* [Work order]
Look for the line containing "영화는 크게 세 챕터로" and the line containing "يعكس هذا الفستان" in the entries below. Copy those two and all lines between them exactly, leaving out pictures.

* [Exercise material]
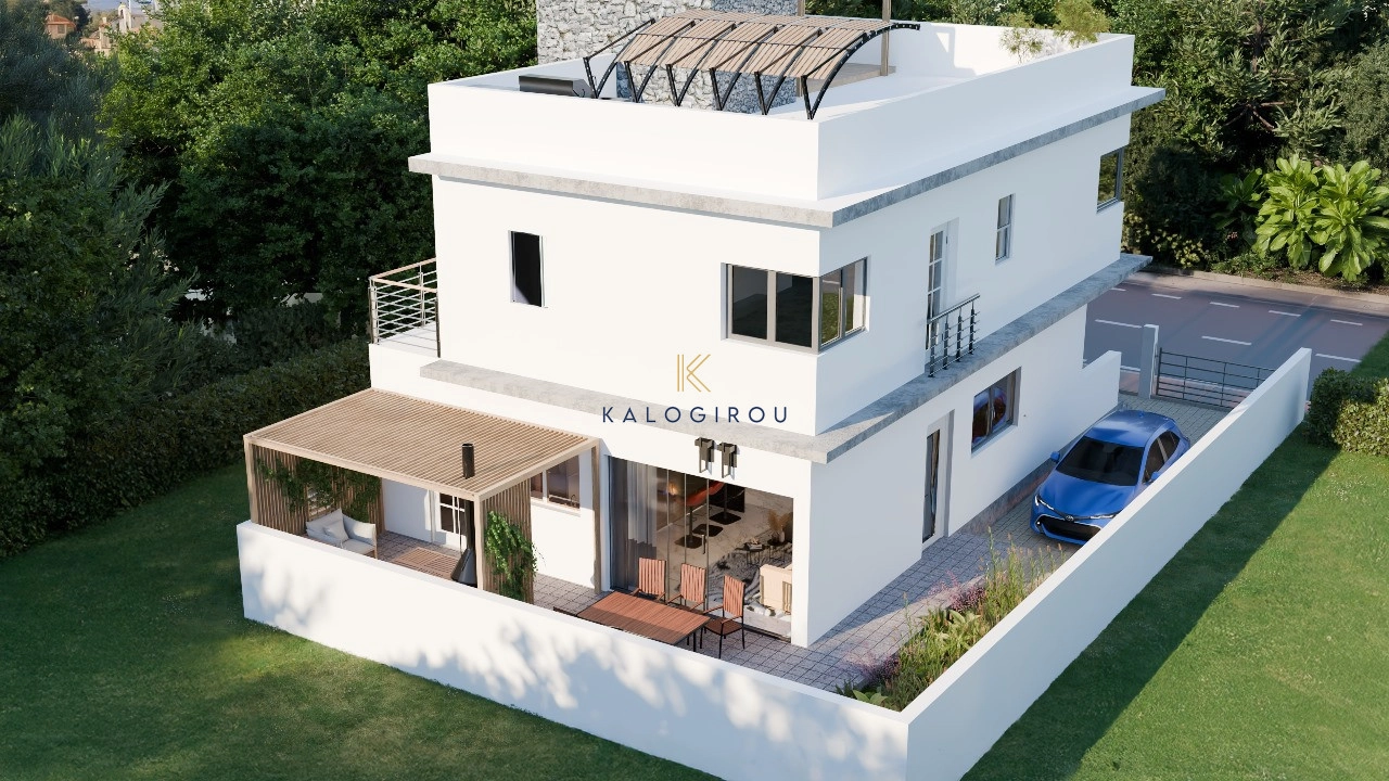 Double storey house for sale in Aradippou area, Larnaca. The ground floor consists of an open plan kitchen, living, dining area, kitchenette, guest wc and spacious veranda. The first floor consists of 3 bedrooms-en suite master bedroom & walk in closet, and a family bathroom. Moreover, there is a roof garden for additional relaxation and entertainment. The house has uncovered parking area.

...

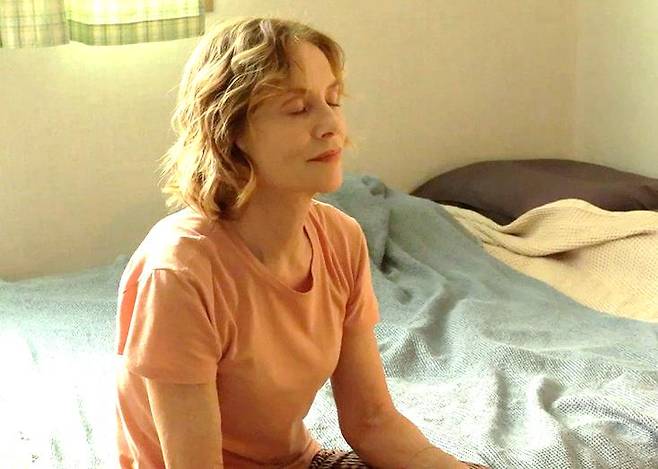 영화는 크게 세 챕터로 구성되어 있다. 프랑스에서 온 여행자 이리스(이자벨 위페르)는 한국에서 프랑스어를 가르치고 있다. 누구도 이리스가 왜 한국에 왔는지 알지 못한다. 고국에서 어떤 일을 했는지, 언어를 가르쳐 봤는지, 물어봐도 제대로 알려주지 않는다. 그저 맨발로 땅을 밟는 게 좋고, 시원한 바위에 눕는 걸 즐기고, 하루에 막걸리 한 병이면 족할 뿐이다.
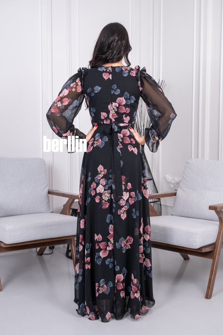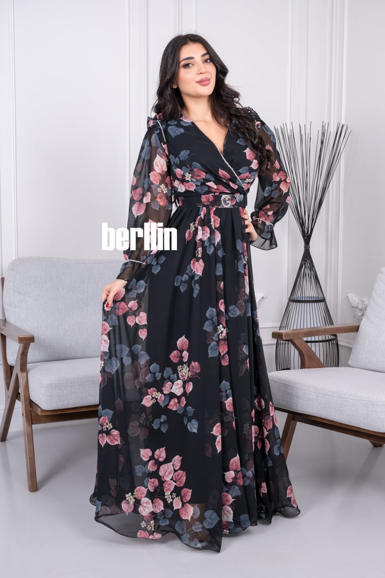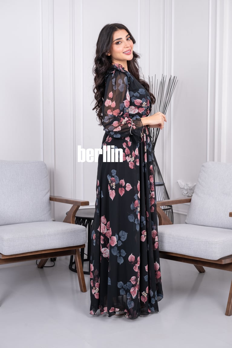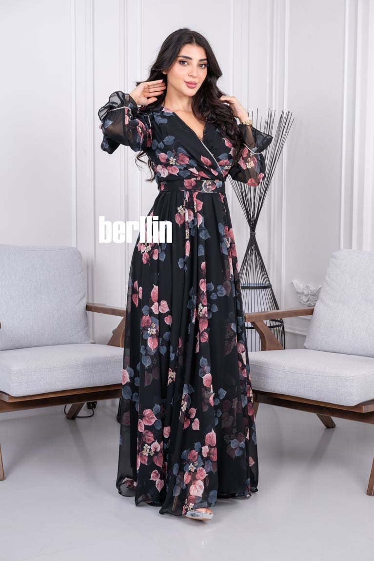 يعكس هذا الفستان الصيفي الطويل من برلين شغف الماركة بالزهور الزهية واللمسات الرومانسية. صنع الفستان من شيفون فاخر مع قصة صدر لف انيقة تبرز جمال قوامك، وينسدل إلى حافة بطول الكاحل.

* [Answer below]
 영화는 크게 세 챕터로 구성되어 있다. 프랑스에서 온 여행자 이리스(이자벨 위페르)는 한국에서 프랑스어를 가르치고 있다. 누구도 이리스가 왜 한국에 왔는지 알지 못한다. 고국에서 어떤 일을 했는지, 언어를 가르쳐 봤는지, 물어봐도 제대로 알려주지 않는다. 그저 맨발로 땅을 밟는 게 좋고, 시원한 바위에 눕는 걸 즐기고, 하루에 막걸리 한 병이면 족할 뿐이다.
 يعكس هذا الفستان الصيفي الطويل من برلين شغف الماركة بالزهور الزهية واللمسات الرومانسية. صنع الفستان من شيفون فاخر مع قصة صدر لف انيقة تبرز جمال قوامك، وينسدل إلى حافة بطول الكاحل.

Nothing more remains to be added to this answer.